Precisions of the Season


Make no mistake, they are precisely wrought. One is of dried grass, woven ‘round and ‘round into a neat, compact, cup shape. The center depression is lined with short, fine, white hairs - perhaps from some neighboring dog or goat. The second is more raggedy, made of small twigs, dry plant stems, fine pieces of bark, and a couple of strands of yarn. Its center hole is lined also, with what seems to be wool, dryer lint, or insulation and some grey, downy feathers. I have nestled them into small baskets for safe keeping, bringing them out of storage each spring as a reminder of the wonders of this season.

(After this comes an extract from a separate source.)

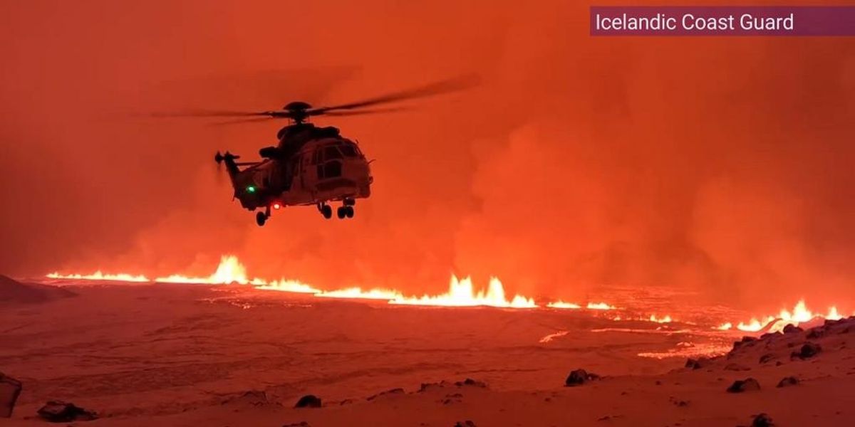 Skies turned orange and immense smoke clouds took over the site near the town of Grindavik.

The raggedy one contains its original 5 small eggs. I committed no crime against nature, here. My sister, finding the nest abandoned and knowing of my passion for wild things, offered it to me - eggs & all. We carefully carried it all the way back from Montana that summer.

I gingerly remove one of the eggs and set it on the table. Smooth and white, with a spattering of dark speckles at the wider end, it tapers down at the other. As I tap it gently, one reason for its shape becomes clear. It spins where it lies. Eggs of cliff-nesting birds are more tapered still and, if jostled, roll in a circle - no chance of rolling off. Perfect design.

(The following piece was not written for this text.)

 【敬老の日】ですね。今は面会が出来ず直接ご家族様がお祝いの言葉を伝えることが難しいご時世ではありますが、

The shell in the other nest does not belong there, I just put it in for display. Sky-blue, it is obviously a robin’s, but the nest is much too small for that bird. Even now, after several years, the two pieces remain mostly intact, held together by a tough inner membrane. With more than one layer, an egg shell offers “flow-through” support and protection to the precious life inside. I found this shell on the ground, where the mother had dropped it after her young had hatched, for it was no longer needed.

Once we had a pair of geese. The female laid eggs, but she was a confused mother. She laid so many, that when she finally decided to set there was no way she could cover them all. She tried, warming & turning the eggs for weeks on end, but hatching none. Finally, I shooed her off and threw the rotten eggs at tree trunks faaaaaaar away from the house. Each one exploded loudly as it hit its mark.

My solution was to buy an incubator, collect the next eggs, & become a surrogate “mother goose”. Being one takes time & commitment. The eggs need to be kept at a certain temperature and humidity, turned several times a day, & “candled” to be sure they are developing. We used a strong flashlight for the candling and how exciting it was to watch the embryos develop from tiny red spots to turning, squirming nearly full-grown goslings! Hatching time arrived right on schedule & we kept close watch as each tiny babe used its egg tooth to peck a hole, then laboriously peck around the shell until it was finally free. New life rested near cast-off shells.

And so I keep these nests, and others like them - reminders, precisely wrought.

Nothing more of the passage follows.